In Kowloon West, the pro-democracy political base with its fractious assortment of old and new pre-and post-Occupy partisans was not strong enough to withstand the impact of the official disqualification strategy. In March and again in November, democratic candidates lost to their pro-Beijing pro-establishment opponents.
But the cause was not so much the disqualification strategy itself as democrats’ inability to work together even to save the two seats lost under circumstances that all alike seemed to deplore as unfair and unjust.
Everyone also knew that as always, their opponents would be disciplined, well-organised, well-funded and above all unified around patriotism and their loyalty to the established order. Because they are working with guidance from on high, they are never allowed to lose sight of the forest for the trees.
They always contest elections for one reason only: to win. Despite valiant efforts on the part of many, Democrats have proved themselves time and again to be incapable of uniting in the same way around their cause.
The thorn in everyone’s side from March through November was ageing moderate Frederick Fung, who cared more about being shunted aside by the younger generation than he did about saving the seat for democrats.
But Fung is also a champion of what democrats in the district know is their Achilles heel: grassroots neighbourhood welfare and livelihood issues. And another inescapable fact of political life for democrats in this respect is that they cannot compete with their well-funded pro-Beijing competitors who specialise in providing community services throughout the city, not just in Kowloon West and not just at election time.
Meanwhile, pre-Occupy rabble-rouser Raymond “Mad Dog” Wong Yuk-man, evidently still miffed about losing to the younger post-Occupy crowd in 2016, kept his distance throughout the by-election campaign.
And committed post-Occupy “localists” could contain their enthusiasm for the democratic candidate, Lee Cheuk-yan, dedicated as he remains to the ideals not of Hong Kong independence but of opposition to “one-party dictatorship” in China.
Of course, if Beijing’s current drive continues and all pro-democracy politicians who have called for self-determination are forced to recant or suffer disqualification, democrats may have no choice but to try and keep their cause alive in ways other than electoral politics.

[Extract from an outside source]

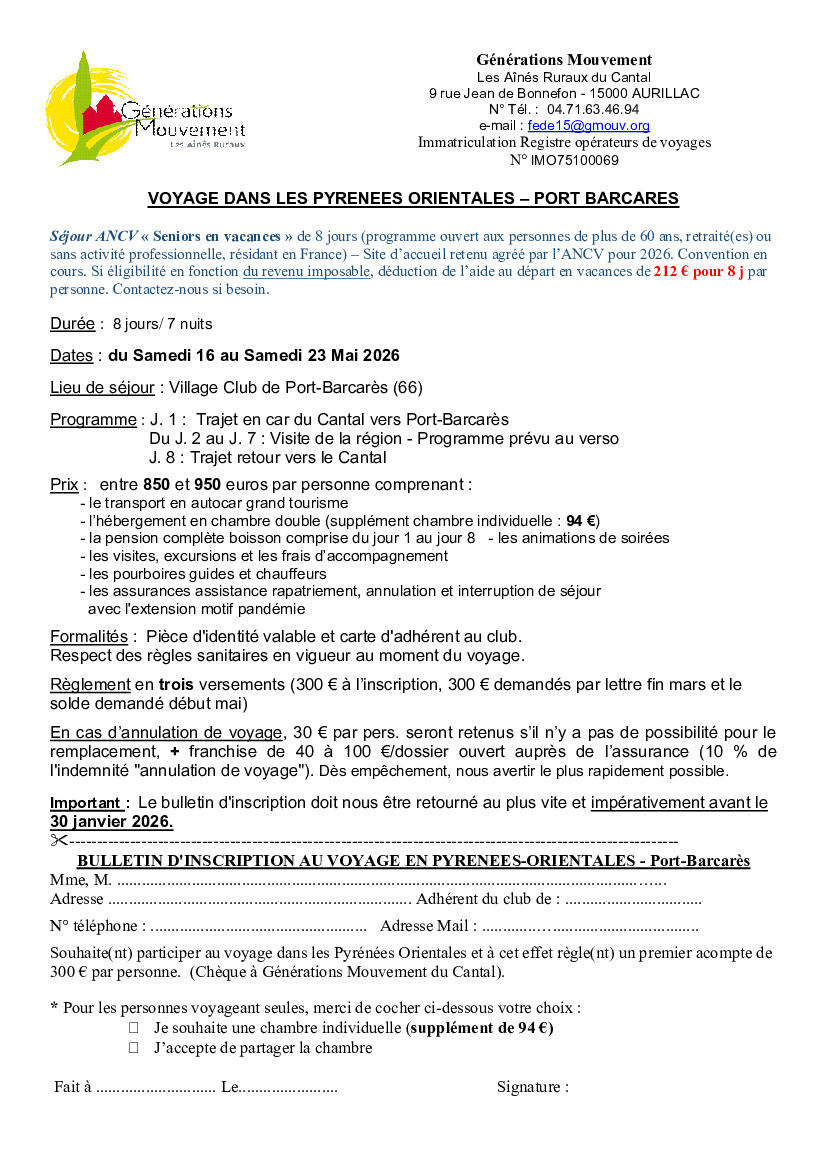 Voyages organisés par Génération Mouvement

But that raises the question as to how they might distinguish themselves as democrats and champions of the rights and freedoms that were supposed to be preserved as the distinguishing marks of Hong Kong’s separate system.
For about five years after the British left in 1997, Hong Kong’s Democracy Movement lapsed into disarray. Those were the years between about 1999 and 2003, when the then dominant Democrat Party founded by Martin Lee and Szeto Wah began to fracture under the strain of what they dubbed “birdcage democracy.”

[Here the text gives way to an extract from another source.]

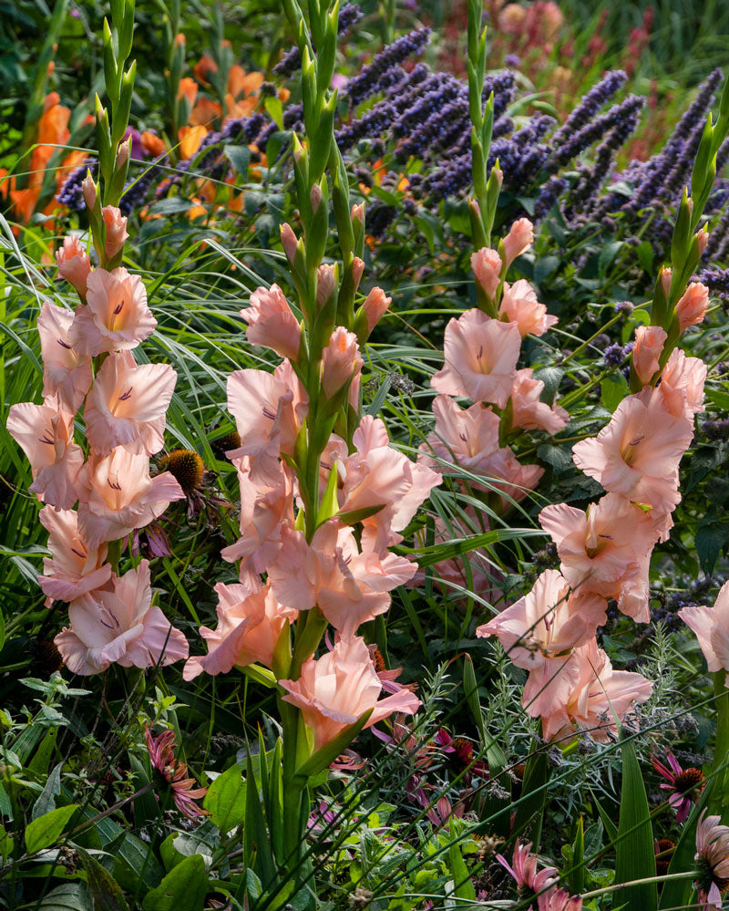 • Gladiolus look best planted in dense groups. They not only look better en masse, but they also support each other as they grow.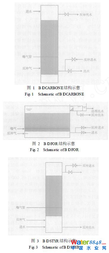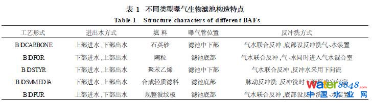 近年來曝氣生物濾池發(fā)展迅速,工藝形式不斷推陳出新, 曾先后出現(xiàn)過B IOCARBON、B IOFOR、B IOSTYR、B IOSMED I、B IOPUR、COLOX、DeepBed等形式,其中B IOCARBON、B IOFOR、B IOSTYR、B IOS2MED I、B IOPUR是現(xiàn)代曝氣生物濾池幾種典型的運行工藝, 在世界范圍內(nèi)都有應(yīng)用, 其構(gòu)造特點見表1。B IOCARBON (圖1)為早期開發(fā)的工藝形式,現(xiàn)在曝氣生物濾池則多采用B IOFOR (圖2)和B IO2STYR (圖3)形式。

The Democratic Party’s. “Young Turks,” as they were called, began deriding the focus on winning elections to the Legislative Council. They said better to return to the streets than waste time trying to win seats in a powerless “debating club.”

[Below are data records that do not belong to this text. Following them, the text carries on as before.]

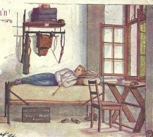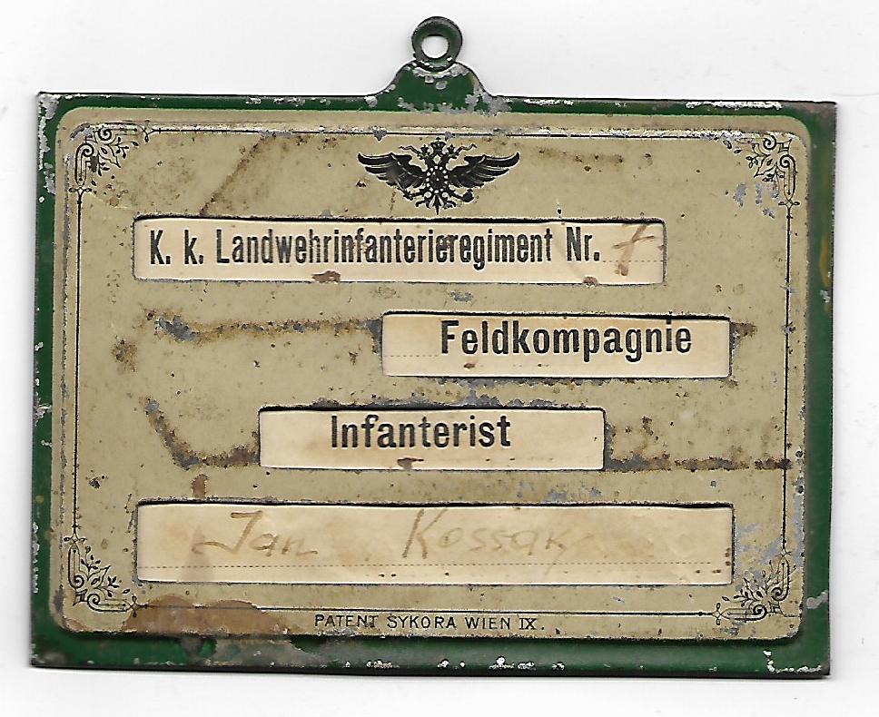 В книзі Гуго Шміда (Hugo Schmid) «Посібник унтер-офіцера» (Handbuch für Unteroffiziere), виданій автором власним коштом в 1915 році у Відні, в описі солдатського ліжка про іменні таблички жодного слова. Таблички обовʼязково мали увійти до цієї книги, що розбирає повсякденне життя військовослужбовця до останньої кістки, але… Натомість про них говориться в «Положенні про [внутрішню] службу імперських і королівських Сухопутних військ» (Dienstreglement für das kaiserliche und königliche Heer) 1909 року. В § 22, що визначає порядок у спальному приміщенні (Zimmerordnung), на стор. 60 частини I у пункті 142 сказано: «Над узголів’ям кожного ліжка стоїть табличка довжиною 11 см і шириною 8 см, на якій написані імʼя та звання людини».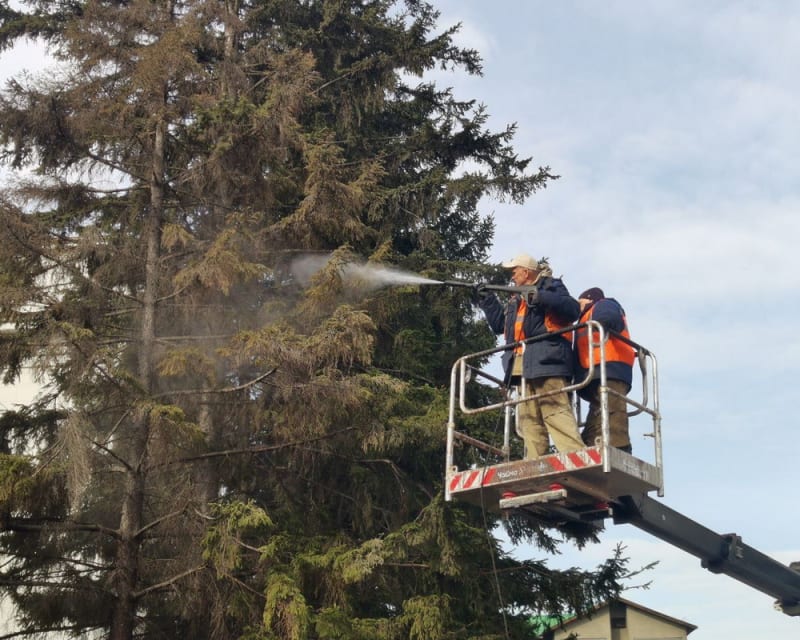 – За зиму на кронах хвойных деревьев оседает пыль. Для того, чтобы дерево лучше росло и на нём не появились…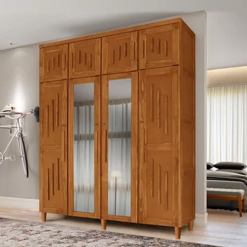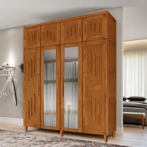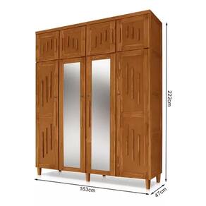 Com sua estrutura toda em madeira de reflorestamento, suas portas e laterais possuem o requadro em madeira, com o centro de fechamento(almofada) em MDF. Peças internas como prateleira, fundo e laterais de gavetas, bases e fechamento do fundo também são em MDF e MDP. Acabamento interno com partes em verniz nitro e outras em cera premium de acabamento.

But those were also the years when pro-Beijing forces mastered the art of contesting elections and providing community services that would give them and their allies the majorities they now enjoy on all of Hong Kong’s elected councils.
The democracy movement sprang back to life in 2003, spurred by the perceived dangers in the government’s national security legislation. Everyone belatedly realised the value of seats in Hong Kong’s Legislative Council. It was actually the pro-business Liberal Party that held the balance of power there and saved the day in 2003, by withdrawing support for the government’s national security bill.
The pursuit of electoral reform and genuine universal suffrage has inspired the movement ever since. Until now. But having come so far, everyone can see the promise of elections still receding like a mirage into the distance. It follows that the Lunar New Year holiday just ending has been a time for reflection with no clear view of where to go… except back into the wilderness.